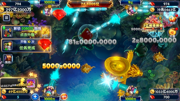 2.超高倍率,不止百万倍:拒绝低倍率遗憾!在这里,十万倍、百万倍倍率轻松爆出,让你沉浸式体验一夜暴富的快感,捕鱼更具成就感。
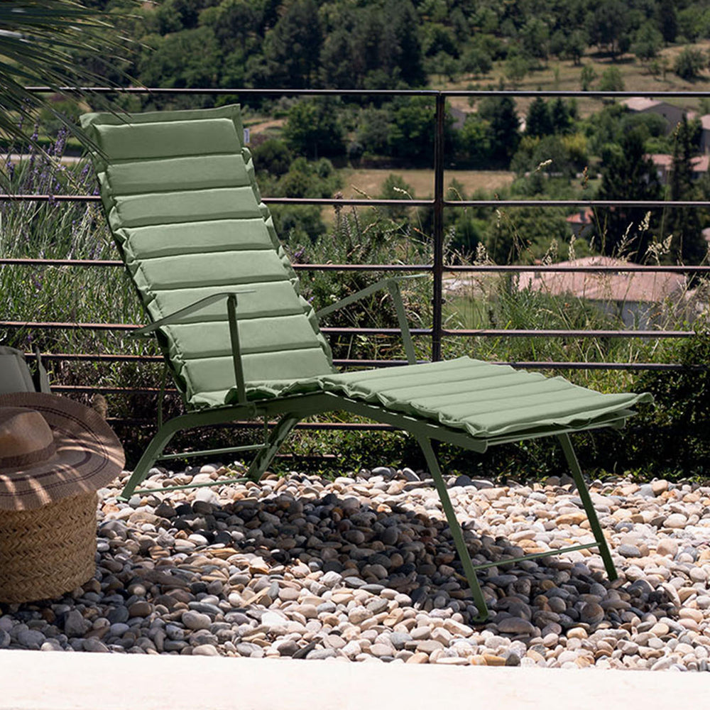 Made in outdoor fabric with a padded foam filling and elastic straps so the cushions fit securely on the bistro chaise longue.
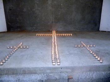 Армянская молодежь организовала акцию «Свеча памяти», в ходе которой из свечей были выложены христианские кресты.
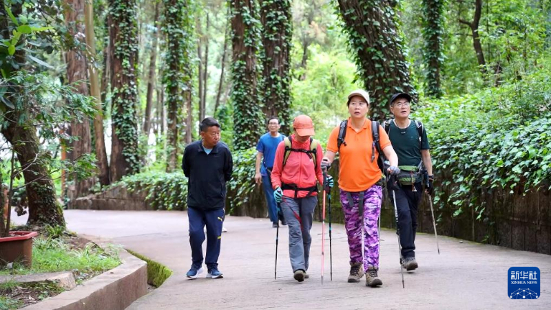 游客漫步在林蔭小道上,夏天的愜意在此刻盡顯,很多學生也趁著假期和家人一起出游,放松心情。

◆ ◆ ◆ ◆

## Instructions for the task
Quote, please, every line of the material above from its start through the line that has "Made in outdoor", reproducing the words exactly and dropping any images.

## Task answer
 2.超高倍率,不止百万倍:拒绝低倍率遗憾!在这里,十万倍、百万倍倍率轻松爆出,让你沉浸式体验一夜暴富的快感,捕鱼更具成就感。
 Made in outdoor fabric with a padded foam filling and elastic straps so the cushions fit securely on the bistro chaise longue.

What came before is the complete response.